One would wonder how we should classify mathematics. Should we classify it to be under the category of science and technology or engineering or should it have a separate category. Indeed there is a very big relation between these fields and mathematics play a pivotal role in the advancements of these sciences. However, mathematics is fundamentally different in the way it is approached. It is approached in a way that is apposite to that of science and the goal from it is contradictory to the goal of science.
This differences between mathematics, science and technology, and engineering demand that the mathematical software calculators, that are used either to support research or the ones used to enforce the understanding of concepts, be used in a different way for each field. Indeed all fields can use the same software calculators but each one should set his experiments to suit his goals. This makes sense because the mathematics formulas are universal and are the same for everyone but the applications are different and numerous. We will go through the fundamental differences between these fields and explain how we can use software calculators differently with each field. This is to achieve the best benefit out of the calculator tools.

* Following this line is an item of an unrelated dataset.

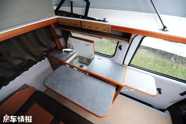 茶桌前方就是车辆的操作台区域,做了三向可折叠的小桌板,展开后桌面的面积还是十分可观的,在驻车时可放置不少的物品。并且水槽也做了折叠设计,掀开桌面即可使用,这一设计也为床车日常使用提供了不少方便,并且提升了桌面的可使用空间。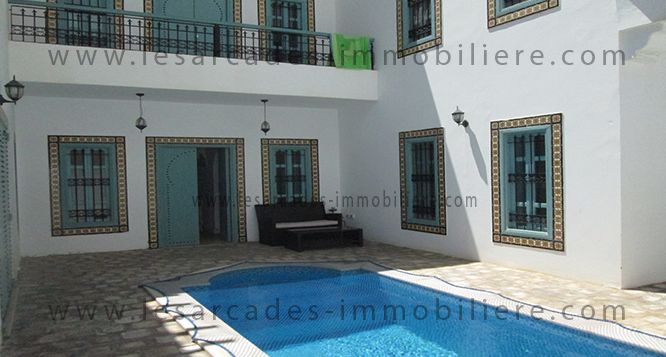 Villa typique distingué par son style traditionnel, avec un entrée indépendant jardin et garage, à 5 min de la mer et de Nabeul centre ville.

As we said from the start mathematics is the opposite of science in approach. In mathematics everything is given from the start. The rule is given and you proceed by trying to prove theorems. The catch is to assume a rule to prove requires a sharp brain. The fundamental idea of creating laboratory experiments using software calculators for such mathematics class is that you should set experiments to test the validity of the rules and to see if the results are sensible. The students should think just in pure numbers and equations.
In physics we observe a phenomenon and see what rules it follow. Then we see what mathematical model we can put it in. It is usually very complicated because many of the factors affecting the phenomenon may be unknown to us and usually there are many levels of uncertainties. This means that the answer usually will not be a perfect answer but will be an approximation. By experimentation and trial and error we can find out if the approximation is in acceptable tolerance from real life situation. Then and only then we can adopt the rule. The laboratory experiments that use calculators for physics training is completely different from that for mathematics training. The students should conduct an experiment on the phenomenon and record the result. They should use the rule they created and use the calculator and compare the output of the calculator with real data. They should also use the calculator to find error percentage and standard deviation. They can also use the help of an algebra calculator to plot the experimental data and derive an equation from the experimental data and see if the equation matches the equation they created.
Engineering on the other hand is application oriented. When a phenomenon is studied hard by scientists for many years and reliable rules that represent it exist and these rules show that this phenomenon is of either industrial or military value then this phenomenon is handed to engineering. It becomes a product in industry. The technology becomes public and it becomes taught in engineering schools throughout the world. Now we are ready to see how we can use software calculators to prepare laboratory experiments for engineers. One has to know that the engineers are designing a product and they want this product to have the most desirable features. What shows them that this product has a more desirable feature than another is the out put of design equations when they plug in the proper values they get a good out put. The best thing for them is to experiment with the calculators plugging in values and checking the output to see which input produces best design.